BEGIN DATA PROVIDED

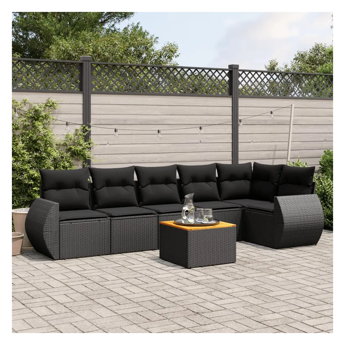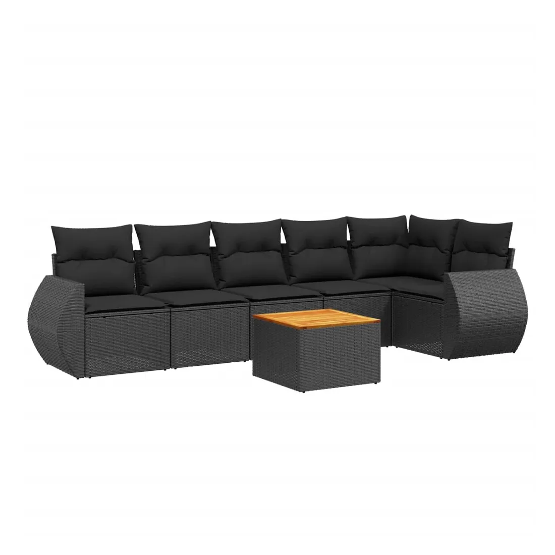 Salon de jardin 7 pcs avec coussins noir résine tressée
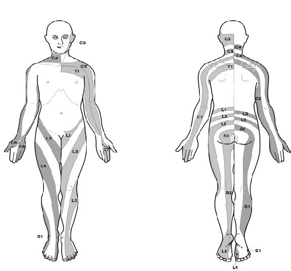 Our findings demonstrate that current dermatome maps are inaccurate and based on flawed studies. After selecting the best available evidence, a novel evidence-based dermatome map was constructed. This represents the most consistent tactile dermatomal areas for each spinal dorsal nerve root found in most individuals.
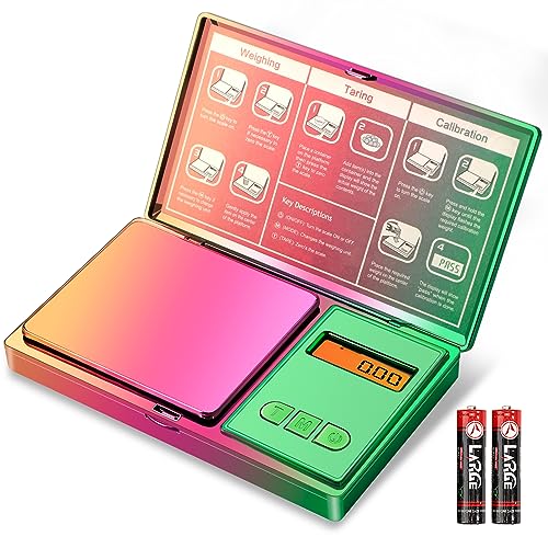 UNIWEIGH Digital fickvåg, 300 g/0,01 g, mini regnbågsvåg för mat, uns och gram, iriserande liten skala för smycken gram, Tara för smycken, medicin, örter, mynt

END DATA PROVIDED

Using the listing above, copy exactly the lines from the one that contains "Our findings demonstrate" through its last line, both included, but not the pictures.

ANSWER BELOW ::
 Our findings demonstrate that current dermatome maps are inaccurate and based on flawed studies. After selecting the best available evidence, a novel evidence-based dermatome map was constructed. This represents the most consistent tactile dermatomal areas for each spinal dorsal nerve root found in most individuals.
 UNIWEIGH Digital fickvåg, 300 g/0,01 g, mini regnbågsvåg för mat, uns och gram, iriserande liten skala för smycken gram, Tara för smycken, medicin, örter, mynt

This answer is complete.